→ GIVEN RECORDS:
* * * * * * * * *
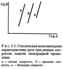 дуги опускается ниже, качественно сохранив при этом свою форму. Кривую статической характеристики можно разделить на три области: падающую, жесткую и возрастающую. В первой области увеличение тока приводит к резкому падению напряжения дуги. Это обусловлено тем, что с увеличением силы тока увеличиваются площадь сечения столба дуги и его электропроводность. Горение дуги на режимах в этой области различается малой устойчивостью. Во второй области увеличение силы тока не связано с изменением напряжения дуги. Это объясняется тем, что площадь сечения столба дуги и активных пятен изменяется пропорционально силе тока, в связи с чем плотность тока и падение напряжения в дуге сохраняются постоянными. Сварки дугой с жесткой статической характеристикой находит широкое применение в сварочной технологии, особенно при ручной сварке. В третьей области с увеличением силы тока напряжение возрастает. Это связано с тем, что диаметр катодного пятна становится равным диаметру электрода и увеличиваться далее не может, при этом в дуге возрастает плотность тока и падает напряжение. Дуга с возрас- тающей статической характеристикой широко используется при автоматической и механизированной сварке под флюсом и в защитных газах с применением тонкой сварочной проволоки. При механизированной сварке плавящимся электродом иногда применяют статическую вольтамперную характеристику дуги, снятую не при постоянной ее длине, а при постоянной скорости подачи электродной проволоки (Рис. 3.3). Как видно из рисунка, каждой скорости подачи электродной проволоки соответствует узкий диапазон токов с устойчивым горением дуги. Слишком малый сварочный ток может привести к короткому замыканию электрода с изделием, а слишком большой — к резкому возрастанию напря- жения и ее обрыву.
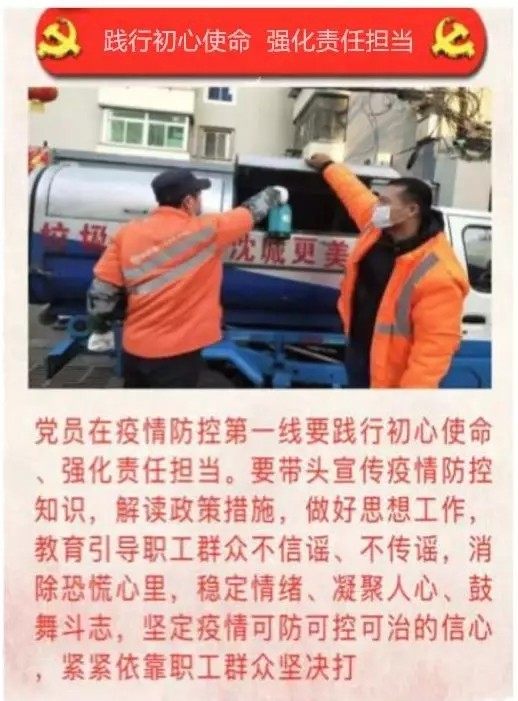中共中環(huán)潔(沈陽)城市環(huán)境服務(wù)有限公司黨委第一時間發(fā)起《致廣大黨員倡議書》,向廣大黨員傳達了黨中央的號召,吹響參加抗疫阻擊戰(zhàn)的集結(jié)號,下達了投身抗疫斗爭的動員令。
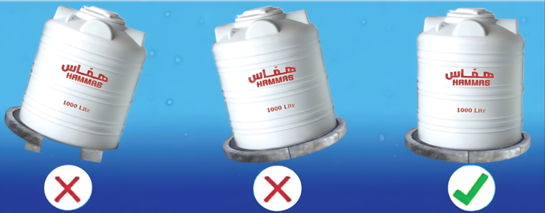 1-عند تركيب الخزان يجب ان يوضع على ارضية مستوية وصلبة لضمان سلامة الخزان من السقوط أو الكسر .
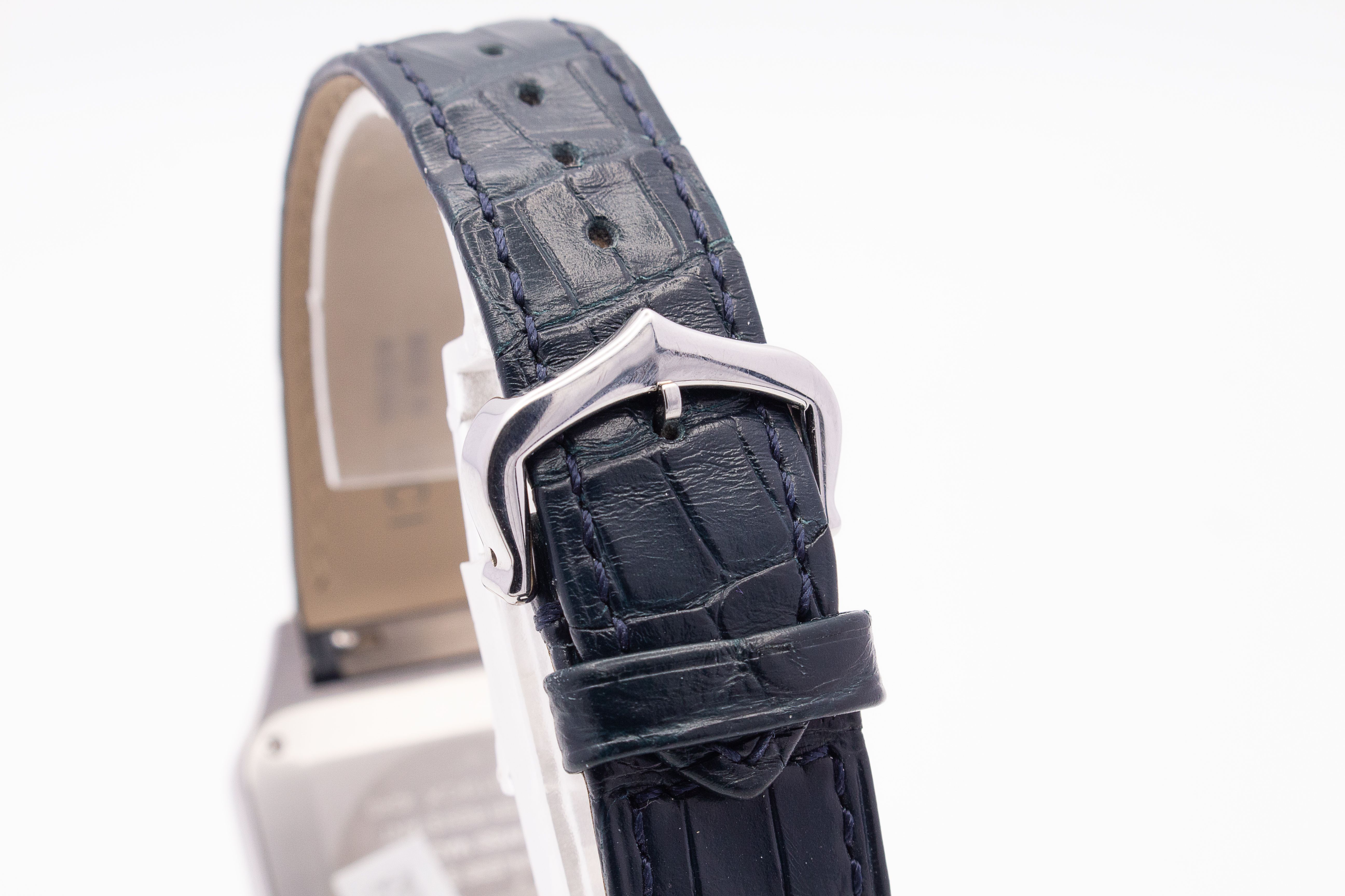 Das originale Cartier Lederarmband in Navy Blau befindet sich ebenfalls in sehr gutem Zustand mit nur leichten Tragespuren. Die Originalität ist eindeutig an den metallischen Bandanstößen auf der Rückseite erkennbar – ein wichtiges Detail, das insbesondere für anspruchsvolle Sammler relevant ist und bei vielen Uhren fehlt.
* * * * * * * * *
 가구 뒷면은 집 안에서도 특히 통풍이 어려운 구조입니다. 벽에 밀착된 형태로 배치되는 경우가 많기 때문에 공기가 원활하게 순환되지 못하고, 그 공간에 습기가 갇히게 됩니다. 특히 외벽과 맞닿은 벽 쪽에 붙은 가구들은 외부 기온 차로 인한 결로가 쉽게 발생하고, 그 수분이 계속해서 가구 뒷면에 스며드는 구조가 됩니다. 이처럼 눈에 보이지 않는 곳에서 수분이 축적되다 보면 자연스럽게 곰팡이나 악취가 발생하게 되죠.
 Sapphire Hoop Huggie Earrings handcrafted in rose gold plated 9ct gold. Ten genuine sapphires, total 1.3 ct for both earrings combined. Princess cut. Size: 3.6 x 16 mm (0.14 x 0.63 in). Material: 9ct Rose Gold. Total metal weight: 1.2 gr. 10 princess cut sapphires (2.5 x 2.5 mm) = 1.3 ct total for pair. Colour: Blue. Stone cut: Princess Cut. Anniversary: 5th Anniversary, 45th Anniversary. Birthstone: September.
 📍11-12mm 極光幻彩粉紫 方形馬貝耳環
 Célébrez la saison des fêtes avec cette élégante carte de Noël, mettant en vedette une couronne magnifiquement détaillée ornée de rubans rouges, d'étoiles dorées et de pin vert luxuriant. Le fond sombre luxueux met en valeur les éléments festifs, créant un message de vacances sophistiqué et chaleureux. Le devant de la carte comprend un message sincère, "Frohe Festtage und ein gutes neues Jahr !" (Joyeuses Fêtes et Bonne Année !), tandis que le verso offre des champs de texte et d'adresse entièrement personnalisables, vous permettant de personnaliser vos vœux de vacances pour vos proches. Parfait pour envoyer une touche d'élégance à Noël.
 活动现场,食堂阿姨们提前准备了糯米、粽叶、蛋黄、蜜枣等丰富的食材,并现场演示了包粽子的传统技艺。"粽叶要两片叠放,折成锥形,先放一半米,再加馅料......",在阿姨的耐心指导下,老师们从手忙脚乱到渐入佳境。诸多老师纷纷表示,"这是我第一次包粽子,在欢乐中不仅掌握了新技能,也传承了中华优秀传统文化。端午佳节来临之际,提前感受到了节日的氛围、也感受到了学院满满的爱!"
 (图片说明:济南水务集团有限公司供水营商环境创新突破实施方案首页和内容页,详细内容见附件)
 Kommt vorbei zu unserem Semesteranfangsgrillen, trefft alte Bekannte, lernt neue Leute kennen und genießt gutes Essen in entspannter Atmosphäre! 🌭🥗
* * * * * * * * *
→ ACTION ITEM:
Would you set down only the lines above from the line with "дуги опускается ниже, качественно" to the line with "1-عند تركيب الخزان", both included, exactly as they stand and without the pictures?

→ RESPONSE TO THE EXERCISE:
 дуги опускается ниже, качественно сохранив при этом свою форму. Кривую статической характеристики можно разделить на три области: падающую, жесткую и возрастающую. В первой области увеличение тока приводит к резкому падению напряжения дуги. Это обусловлено тем, что с увеличением силы тока увеличиваются площадь сечения столба дуги и его электропроводность. Горение дуги на режимах в этой области различается малой устойчивостью. Во второй области увеличение силы тока не связано с изменением напряжения дуги. Это объясняется тем, что площадь сечения столба дуги и активных пятен изменяется пропорционально силе тока, в связи с чем плотность тока и падение напряжения в дуге сохраняются постоянными. Сварки дугой с жесткой статической характеристикой находит широкое применение в сварочной технологии, особенно при ручной сварке. В третьей области с увеличением силы тока напряжение возрастает. Это связано с тем, что диаметр катодного пятна становится равным диаметру электрода и увеличиваться далее не может, при этом в дуге возрастает плотность тока и падает напряжение. Дуга с возрас- тающей статической характеристикой широко используется при автоматической и механизированной сварке под флюсом и в защитных газах с применением тонкой сварочной проволоки. При механизированной сварке плавящимся электродом иногда применяют статическую вольтамперную характеристику дуги, снятую не при постоянной ее длине, а при постоянной скорости подачи электродной проволоки (Рис. 3.3). Как видно из рисунка, каждой скорости подачи электродной проволоки соответствует узкий диапазон токов с устойчивым горением дуги. Слишком малый сварочный ток может привести к короткому замыканию электрода с изделием, а слишком большой — к резкому возрастанию напря- жения и ее обрыву.
中共中環(huán)潔(沈陽)城市環(huán)境服務(wù)有限公司黨委第一時間發(fā)起《致廣大黨員倡議書》,向廣大黨員傳達了黨中央的號召,吹響參加抗疫阻擊戰(zhàn)的集結(jié)號,下達了投身抗疫斗爭的動員令。
 1-عند تركيب الخزان يجب ان يوضع على ارضية مستوية وصلبة لضمان سلامة الخزان من السقوط أو الكسر .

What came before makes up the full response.